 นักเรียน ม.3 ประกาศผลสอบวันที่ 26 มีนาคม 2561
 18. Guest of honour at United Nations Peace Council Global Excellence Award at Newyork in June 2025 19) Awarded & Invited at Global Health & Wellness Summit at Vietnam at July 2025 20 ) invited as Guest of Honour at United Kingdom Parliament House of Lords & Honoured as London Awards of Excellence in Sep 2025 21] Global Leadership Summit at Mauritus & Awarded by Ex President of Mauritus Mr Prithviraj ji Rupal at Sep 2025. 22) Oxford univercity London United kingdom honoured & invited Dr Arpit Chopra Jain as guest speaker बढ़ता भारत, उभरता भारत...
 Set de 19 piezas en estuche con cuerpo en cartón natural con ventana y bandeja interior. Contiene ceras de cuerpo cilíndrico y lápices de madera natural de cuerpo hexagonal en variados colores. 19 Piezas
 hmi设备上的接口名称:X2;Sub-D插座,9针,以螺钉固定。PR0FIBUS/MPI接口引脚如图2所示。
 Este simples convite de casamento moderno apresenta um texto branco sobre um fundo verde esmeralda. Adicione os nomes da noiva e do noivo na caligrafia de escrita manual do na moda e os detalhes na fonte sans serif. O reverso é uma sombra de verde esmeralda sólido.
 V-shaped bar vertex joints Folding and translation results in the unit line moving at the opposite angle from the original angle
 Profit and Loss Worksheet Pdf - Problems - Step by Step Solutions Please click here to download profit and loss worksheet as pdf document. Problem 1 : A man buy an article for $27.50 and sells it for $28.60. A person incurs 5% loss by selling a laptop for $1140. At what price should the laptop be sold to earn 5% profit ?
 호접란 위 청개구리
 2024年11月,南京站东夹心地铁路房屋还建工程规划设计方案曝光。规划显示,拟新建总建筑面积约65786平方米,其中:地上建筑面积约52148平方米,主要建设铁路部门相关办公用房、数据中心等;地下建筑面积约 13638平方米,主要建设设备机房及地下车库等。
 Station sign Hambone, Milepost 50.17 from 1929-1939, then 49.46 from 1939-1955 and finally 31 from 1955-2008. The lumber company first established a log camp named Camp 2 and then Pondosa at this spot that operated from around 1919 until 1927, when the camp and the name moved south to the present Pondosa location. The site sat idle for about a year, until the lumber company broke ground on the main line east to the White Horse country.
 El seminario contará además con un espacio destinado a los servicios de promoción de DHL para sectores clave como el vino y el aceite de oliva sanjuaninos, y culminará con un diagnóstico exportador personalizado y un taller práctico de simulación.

...

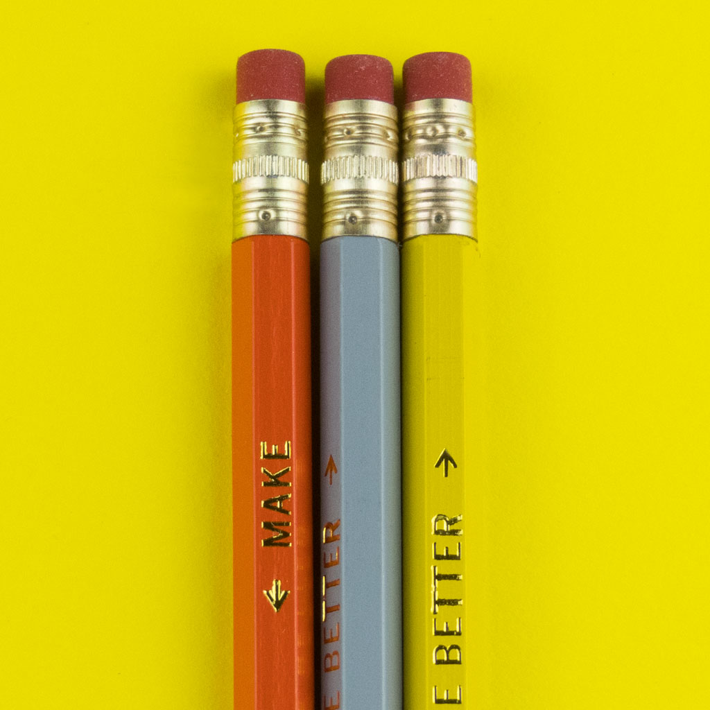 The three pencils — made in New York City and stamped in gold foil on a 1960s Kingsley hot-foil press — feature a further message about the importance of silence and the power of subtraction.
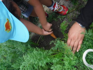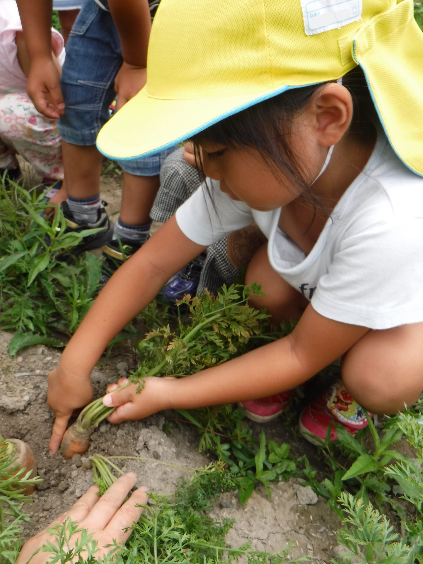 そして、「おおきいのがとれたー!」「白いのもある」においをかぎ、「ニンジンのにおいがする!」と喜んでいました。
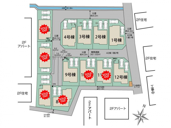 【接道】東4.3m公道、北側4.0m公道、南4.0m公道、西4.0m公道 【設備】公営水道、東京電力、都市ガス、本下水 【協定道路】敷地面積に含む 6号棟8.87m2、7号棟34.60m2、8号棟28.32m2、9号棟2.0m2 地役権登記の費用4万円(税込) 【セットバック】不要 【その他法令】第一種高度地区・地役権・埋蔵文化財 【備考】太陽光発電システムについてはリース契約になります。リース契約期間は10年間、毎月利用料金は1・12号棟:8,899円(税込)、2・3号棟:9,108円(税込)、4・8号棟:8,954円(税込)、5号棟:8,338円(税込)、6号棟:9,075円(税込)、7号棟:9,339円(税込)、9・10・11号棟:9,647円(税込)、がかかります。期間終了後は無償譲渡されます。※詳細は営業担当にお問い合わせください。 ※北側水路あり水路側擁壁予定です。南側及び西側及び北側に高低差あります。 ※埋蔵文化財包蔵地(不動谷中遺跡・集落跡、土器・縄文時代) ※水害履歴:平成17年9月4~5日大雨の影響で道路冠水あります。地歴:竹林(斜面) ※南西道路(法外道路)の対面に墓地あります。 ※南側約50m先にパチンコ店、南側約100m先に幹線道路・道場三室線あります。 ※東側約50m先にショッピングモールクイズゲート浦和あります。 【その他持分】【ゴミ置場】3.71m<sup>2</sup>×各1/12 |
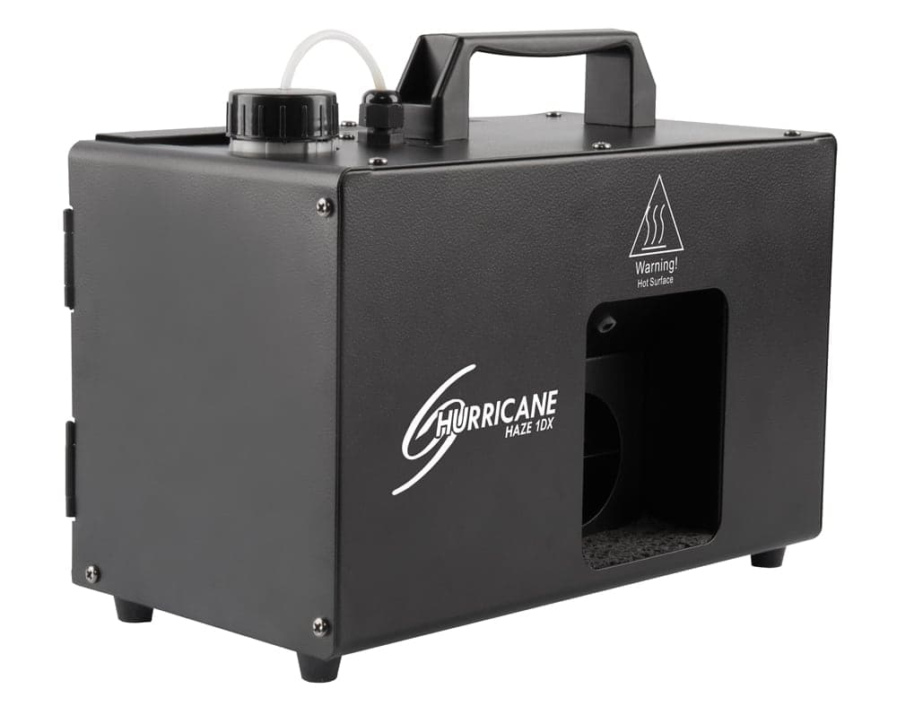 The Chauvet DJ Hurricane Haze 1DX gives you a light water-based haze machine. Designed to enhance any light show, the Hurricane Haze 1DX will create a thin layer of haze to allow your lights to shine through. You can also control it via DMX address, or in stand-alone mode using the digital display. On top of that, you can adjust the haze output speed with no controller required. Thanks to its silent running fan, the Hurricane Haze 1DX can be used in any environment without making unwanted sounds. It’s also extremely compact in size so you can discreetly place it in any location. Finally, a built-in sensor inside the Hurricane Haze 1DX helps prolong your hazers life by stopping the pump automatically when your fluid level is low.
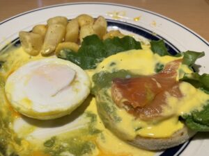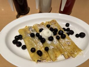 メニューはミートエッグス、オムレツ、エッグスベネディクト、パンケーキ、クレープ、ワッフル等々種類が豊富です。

--

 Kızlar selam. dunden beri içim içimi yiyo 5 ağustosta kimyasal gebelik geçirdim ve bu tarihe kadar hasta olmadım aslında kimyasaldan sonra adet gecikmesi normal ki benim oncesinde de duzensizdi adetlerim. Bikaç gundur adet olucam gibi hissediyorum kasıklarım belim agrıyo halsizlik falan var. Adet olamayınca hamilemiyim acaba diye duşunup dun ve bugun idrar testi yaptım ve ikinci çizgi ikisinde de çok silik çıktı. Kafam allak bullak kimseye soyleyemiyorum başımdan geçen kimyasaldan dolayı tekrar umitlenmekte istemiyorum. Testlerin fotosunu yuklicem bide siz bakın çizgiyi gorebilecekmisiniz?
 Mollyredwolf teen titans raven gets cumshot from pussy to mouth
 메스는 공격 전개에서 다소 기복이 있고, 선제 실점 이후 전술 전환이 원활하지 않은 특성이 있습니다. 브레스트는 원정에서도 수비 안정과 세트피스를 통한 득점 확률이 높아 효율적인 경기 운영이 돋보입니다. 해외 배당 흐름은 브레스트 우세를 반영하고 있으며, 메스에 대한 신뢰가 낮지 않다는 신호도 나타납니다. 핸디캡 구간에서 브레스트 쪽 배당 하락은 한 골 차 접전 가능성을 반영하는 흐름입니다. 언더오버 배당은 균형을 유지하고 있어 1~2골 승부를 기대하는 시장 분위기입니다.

> **Task objective**: In the entries above, find each line that has the word "from". Copy it.

> **Output for this task**:
 V-shaped bar vertex joints Folding and translation results in the unit line moving at the opposite angle from the original angle
 Station sign Hambone, Milepost 50.17 from 1929-1939, then 49.46 from 1939-1955 and finally 31 from 1955-2008. The lumber company first established a log camp named Camp 2 and then Pondosa at this spot that operated from around 1919 until 1927, when the camp and the name moved south to the present Pondosa location. The site sat idle for about a year, until the lumber company broke ground on the main line east to the White Horse country.
 Mollyredwolf teen titans raven gets cumshot from pussy to mouth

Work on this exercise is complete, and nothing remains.